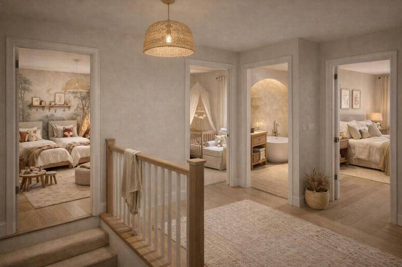 À l’étage, trois chambres confortables vous offrent un véritable espace nuit, idéal pour une famille.
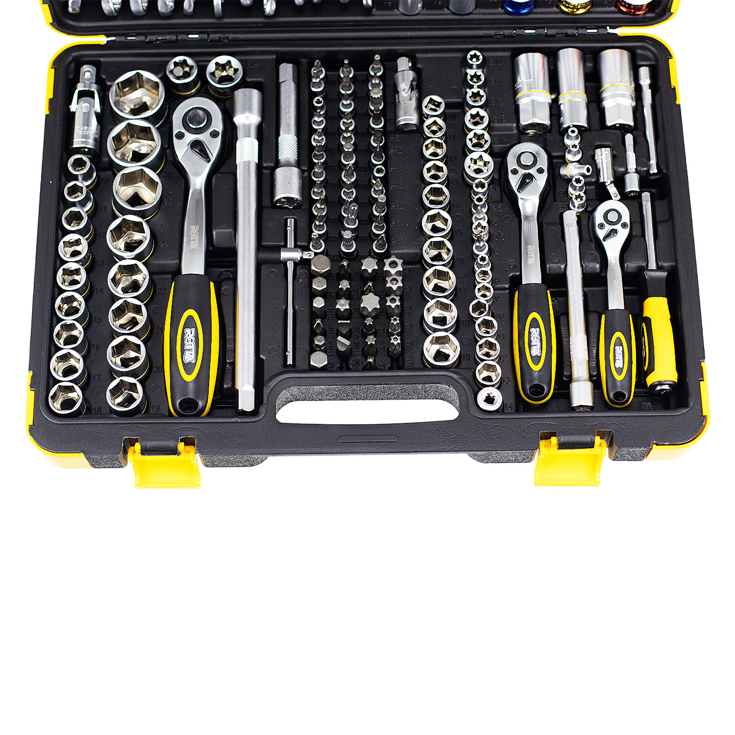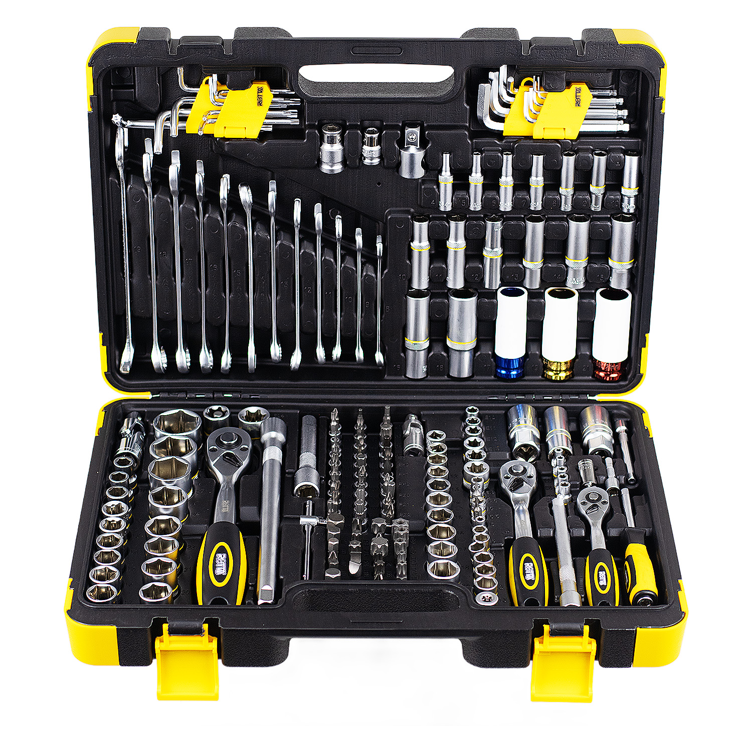 Com encaixes 1/4″, 3/8″ e 1/2″, o conjunto atende desde serviços leves até trabalhos mais robustos em oficinas mecânicas, manutenção industrial e uso automotivo.
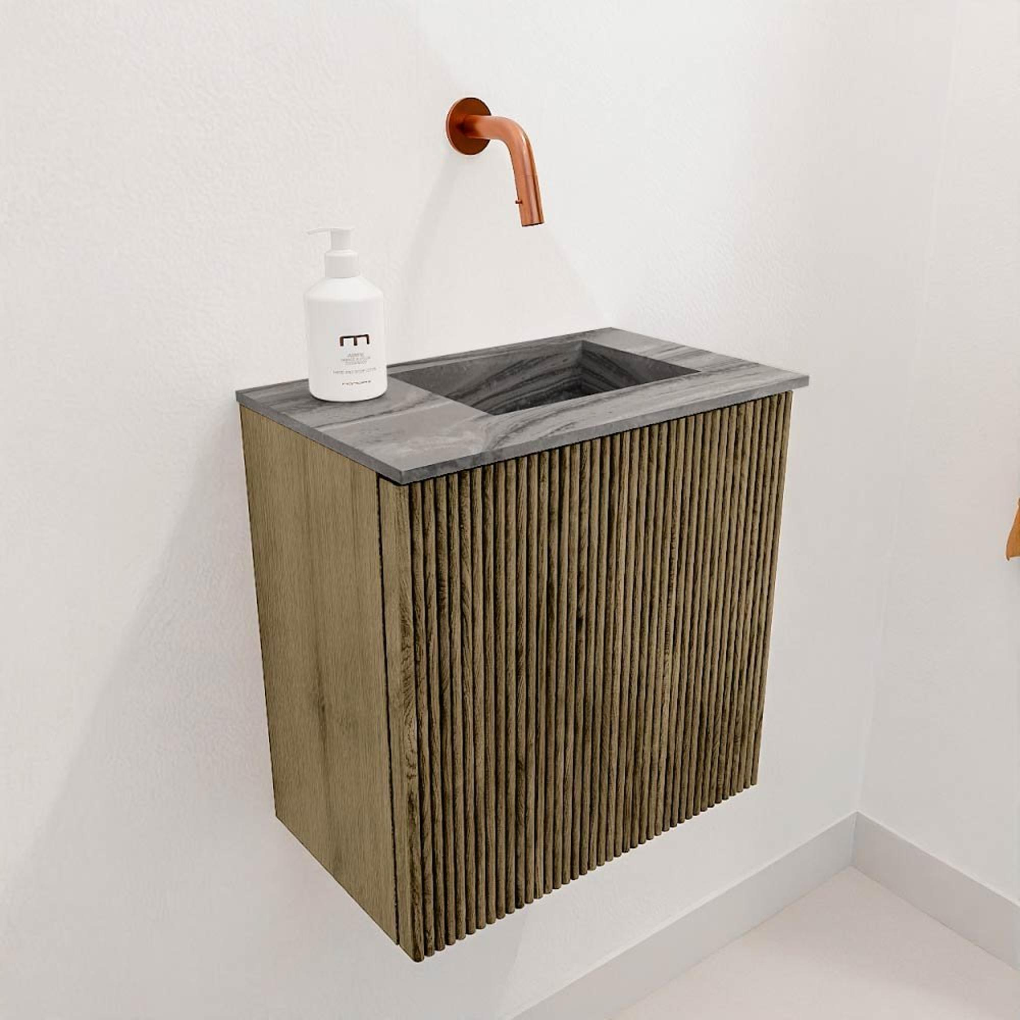 Une solution compacte et élégante pour vos toilettes ou petite salle de bains qui apporte immédiatement ambiance et fonctionnalité. Ce meuble est parfaitement conçu pour créer une apparence pratique et élégante même dans les plus petits espaces. Grâce à ses dimensions réfléchies et ses matériaux de haute qualité, vous bénéficiez d’un meuble qui non seulement est beau, mais dure aussi de nombreuses années. La combinaison d’un meuble au design épuré dans la couleur chaude Dusk avec une vasque solide de couleur Sombra crée une ambiance moderne et apaisante. Le meuble est idéal pour ceux qui aiment un espace ordonné et soigné, sans compromis sur le confort ou le style. Avec la vasque positionnée à droite et sans trou de robinet, vous pouvez choisir vous-même le robinet qui correspond le mieux à vos souhaits. Ainsi, vous transformez vos toilettes en un lieu où vous vous sentez vraiment bien.
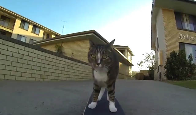 Gata amaestrada recorriendo las calles sobre ruedas.
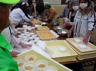 120kgのもち米を用意していただき,約1500人分のお餅をきなこ餅とぜんざいでおいしくいただけました。ありがとうございました。
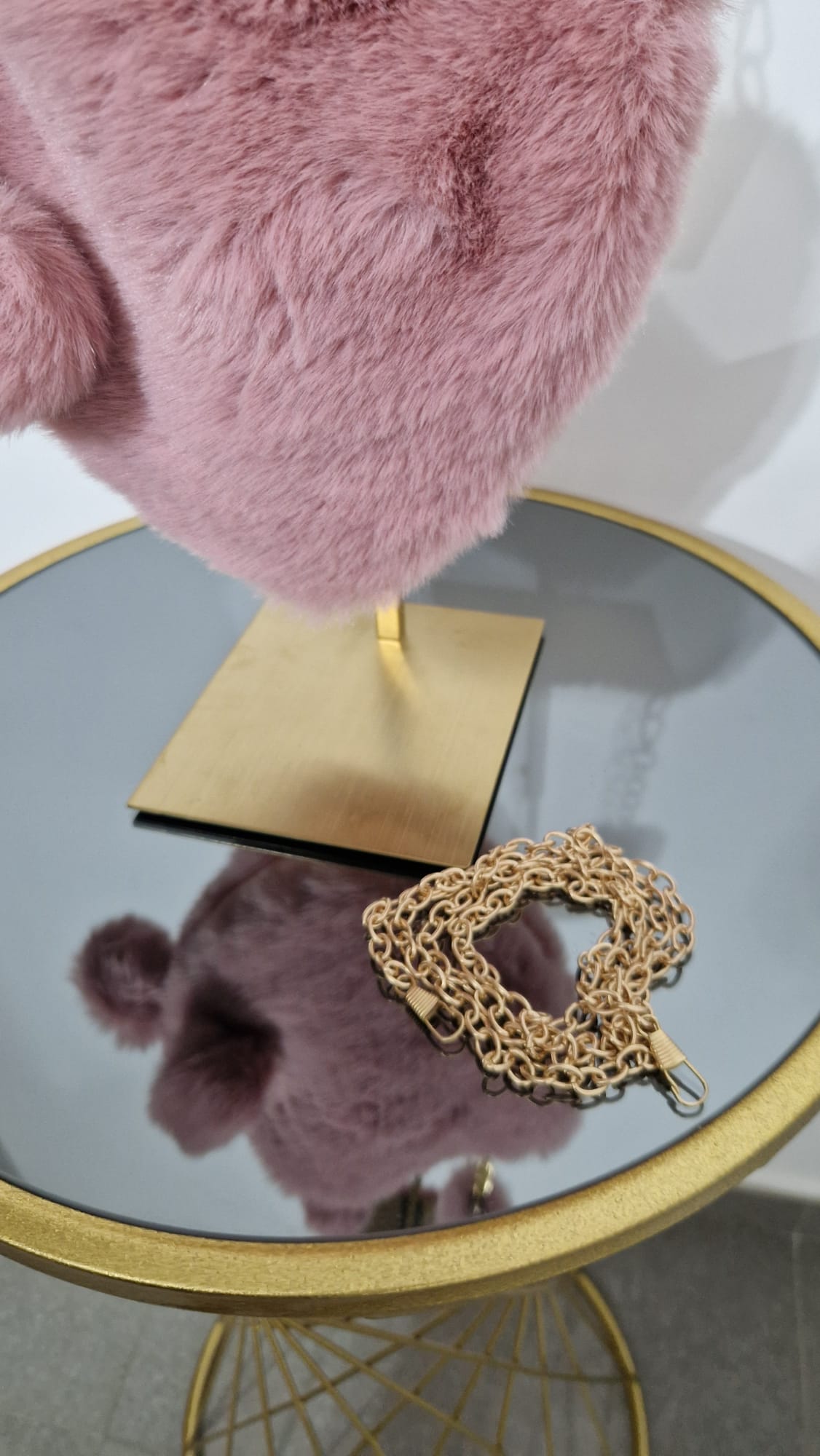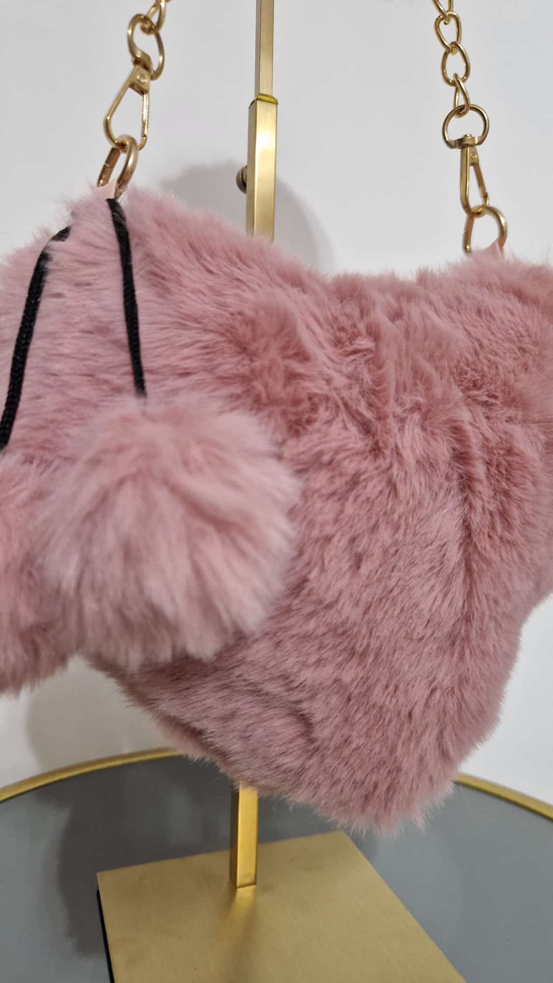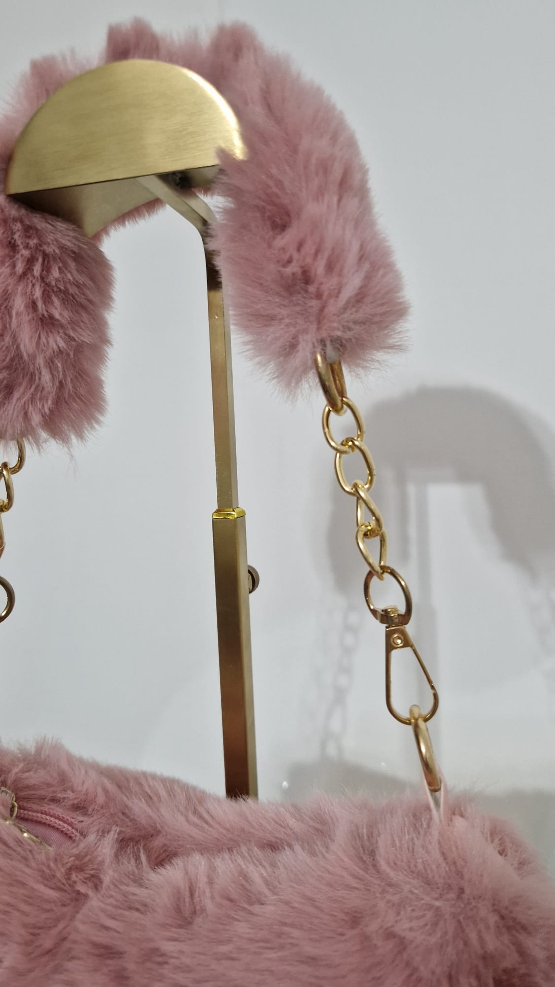 Borsetta Cuore colore rosa con pelliccia ecologica ,con manico a mano e completa di catena oro.

++++++++++

■ Work to be completed ■
Leaving every picture out, write out exactly the lines from the beginning of the listing above to the line with "Com encaixes 1/4″, 3/8″", inclusive.

■ Answer box ■
 À l’étage, trois chambres confortables vous offrent un véritable espace nuit, idéal pour une famille.
 Com encaixes 1/4″, 3/8″ e 1/2″, o conjunto atende desde serviços leves até trabalhos mais robustos em oficinas mecânicas, manutenção industrial e uso automotivo.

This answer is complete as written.